Tips To Losing the last 10 pounds!

You've trained hard; filled your fridge, freezer, and pantry with healthy fare; and been diligent about getting your H2O. But despite all that, a little bit of flab lingers. Don't give up! These 14 simple strategies will help you drop 10 pounds in just a month. (Do at least one a day for the first two weeks, then continue using the ones that work best for you for the next two.) You can't get around cutting calories--just don't go below 1,200 a day; 1,500 if you're also doing our bikini body workout, page 98--but the process won't be painful. The tips are designed to boost satiety, banish bloat, rev up your metabolism, and strip away unnecessary additives that can make you retain weight and feel sluggish.

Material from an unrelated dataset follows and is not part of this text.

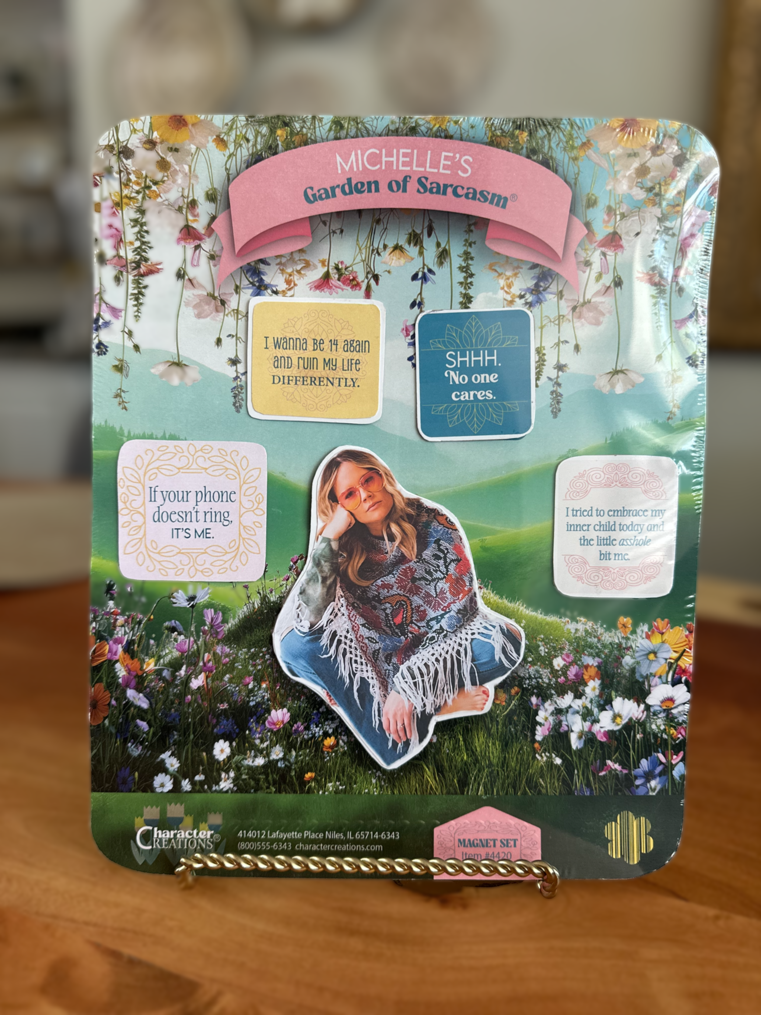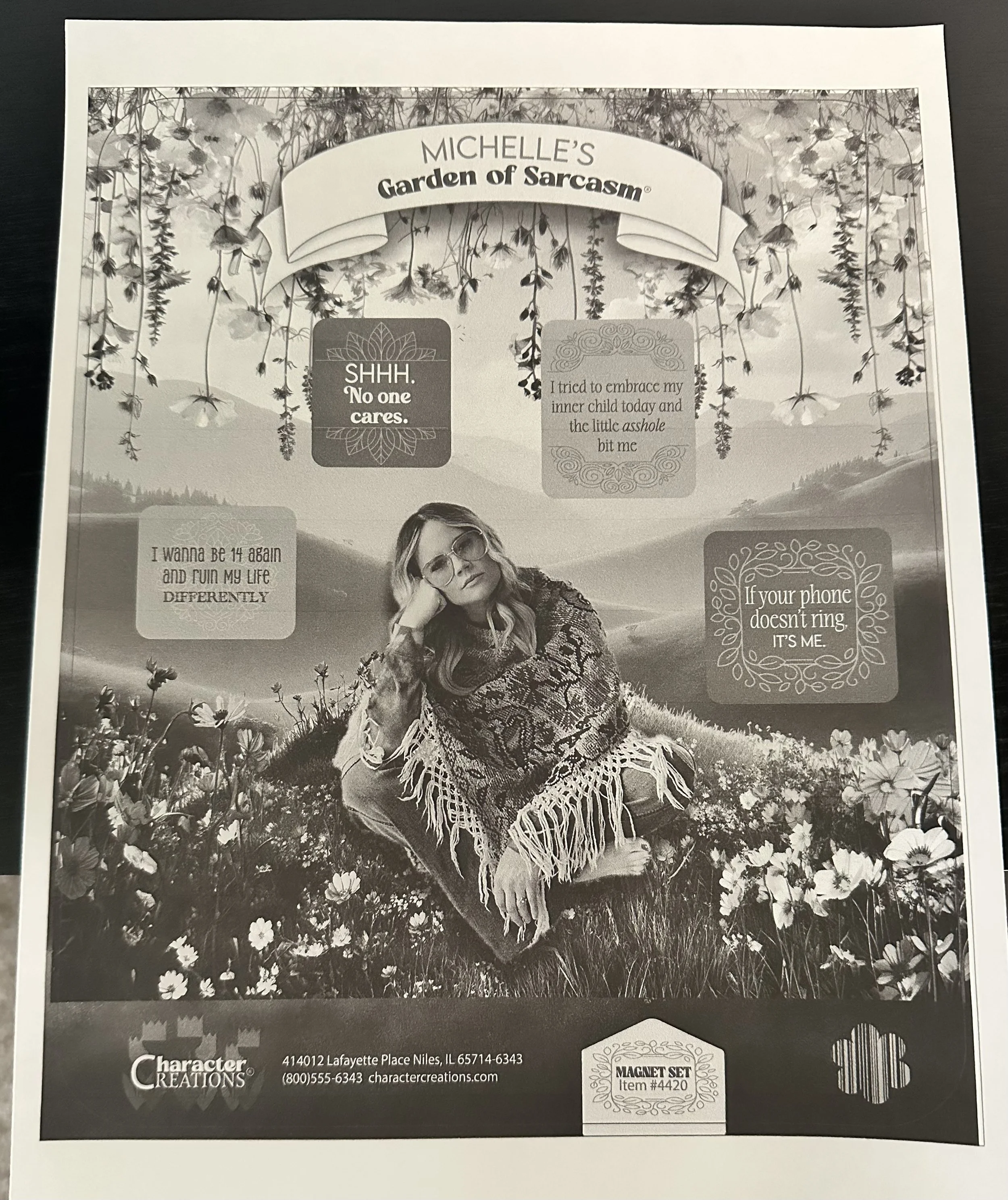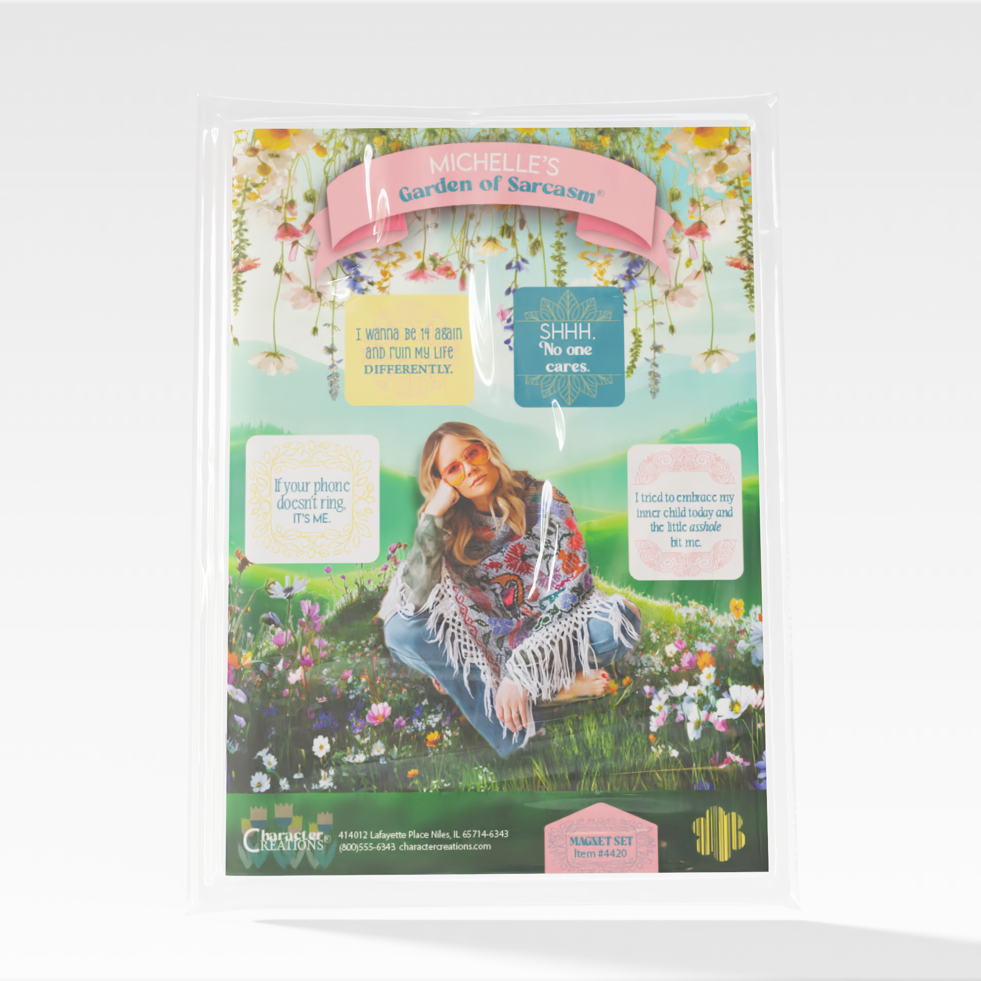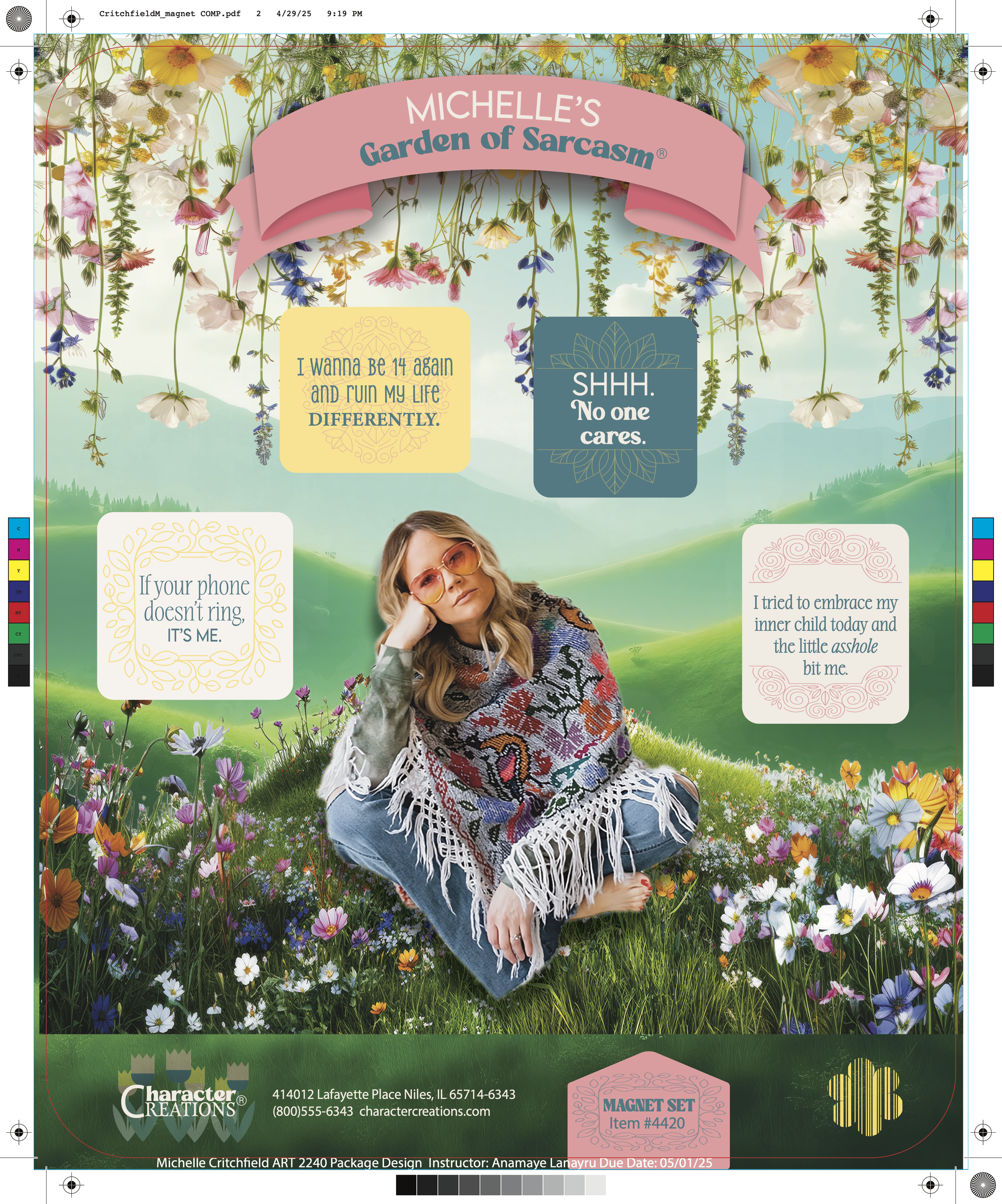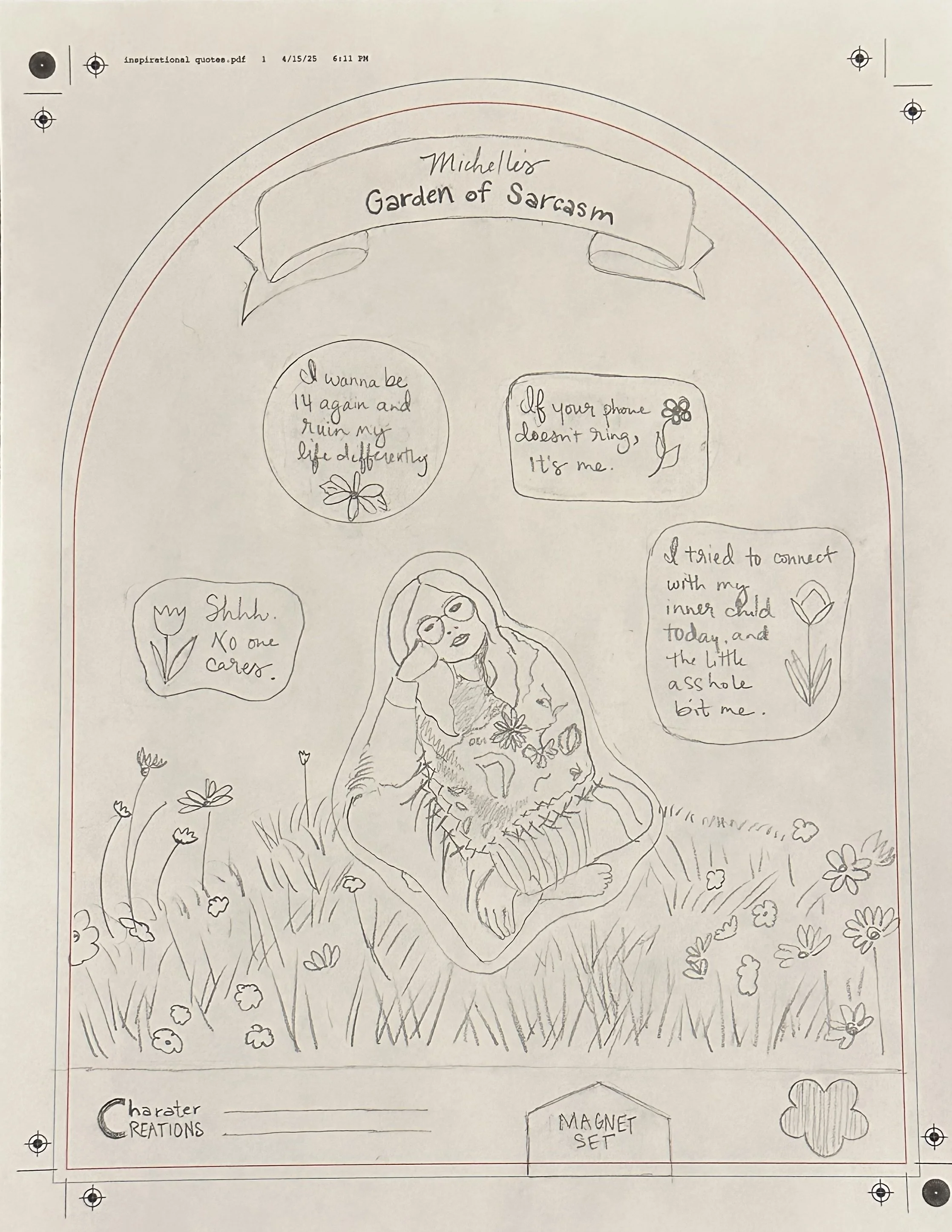 This design involved creating a magnet set for Character Creations. The magnet set includes 5 magnets that combine utility with aesthetic appeal. Each magnet showcases a sassy quotation and they are housed on a fun, eye-catching garden background.

A University of California, Irvine, study found that oleic acid, found in "good" fats, curbs hunger pangs by triggering the production of a compound called oleoylethanolamide in your small intestine. Two of the best sources: olives and olive oil. Use a teaspoon of olive oil on grilled vegetables, pop a few seasoned Greek olives as an appetizer, or whip up these olive-enhanced lettuce wraps: Fill two large romaine leaves with 2 tablespoons each roasted-red pepper hummus and chopped cucumber, five sliced black olives, and 1 teaspoon toasted pine nuts; roll up the leaves. They make a quick, cool, low-calorie meal-perfect for post-workout noshing on a warm summer night.

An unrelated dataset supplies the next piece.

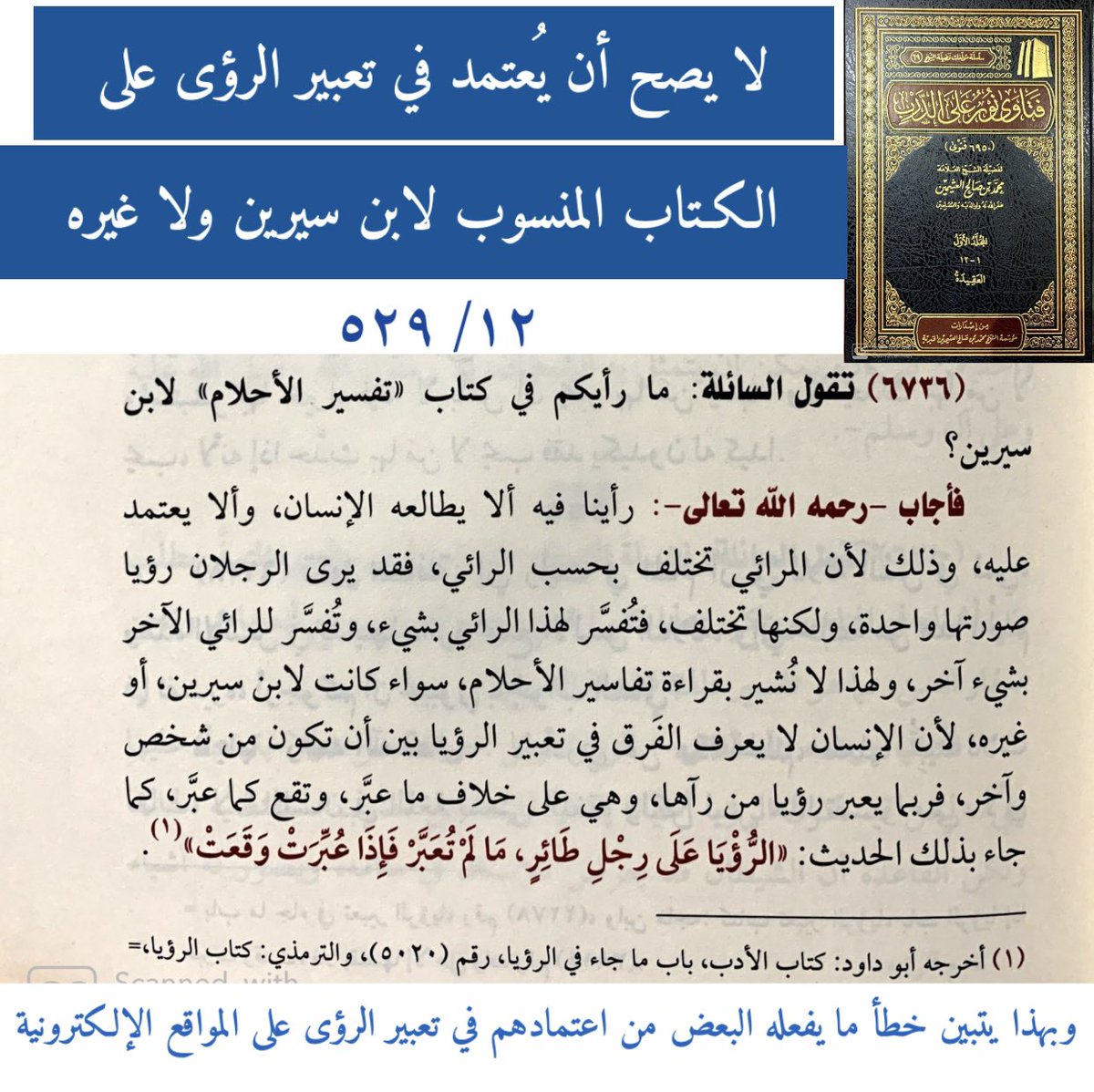 لا يصح أن يُعتمد في تعبير الرؤى على الكتاب المنسوب لابن سيرين ولا غيره.

You've heard it before, but new research conforms it-eating slowly can help you eat less but feel just as satisfied. And that keeps you slim. A study involving more than 3,000 men and women published in the British Medical Journal showed that speedy eaters are three times more likely to be overweight than those who are slower-paced. Additional research at the University of Rhode Island found that leisurely eaters took in four times fewer calories--while the people who gobbled down their food reported feeling unsatisfied after their meal, despite eating more in less time.
"Give yourself at least 20 minutes to eat. Putting your fork down or taking a sip of water between bites will help you slow down and will let you really focus on the flavors in your food," says Christine Gerbstadt, M.D., R.D., a spokeswoman for the American Dietetic Association. "It sounds so simple, but most of us don't do it."



Excess body fat isn't the only thing that leads to tummy bulge: About 80 percent of us struggle with constipation at some point. While brief periods of irregularity are normal, they can make the scale creep up and cause that little extra pooch. The easy solution: Up your intake of soluble fiber, found in apples, citrus fruits, beans, and edamame. "This sticky fiber soaks up water to form a gel-like substance that stimulates the muscles of your digestive system so they contract and push waste through faster," says Gerbstadt. A simple way to boost your intake is to sprinkle chia seeds (found at health food stores) or ground flaxseed into yogurt or a smoothie.



Yogurt and kefir contain probiotics, such as acidophilus, which may be a hidden factor in weight control. Everyone has bacteria in their digestive system, but in obese people, the blend of those bugs may cause them to extract more calories from the food they eat, and therefore contribute to their being overweight. "Getting more probiotics in your diet can change the balance of bacteria," says Steven Pratt, M.D., author of SuperHealth. And that can lead to weight loss.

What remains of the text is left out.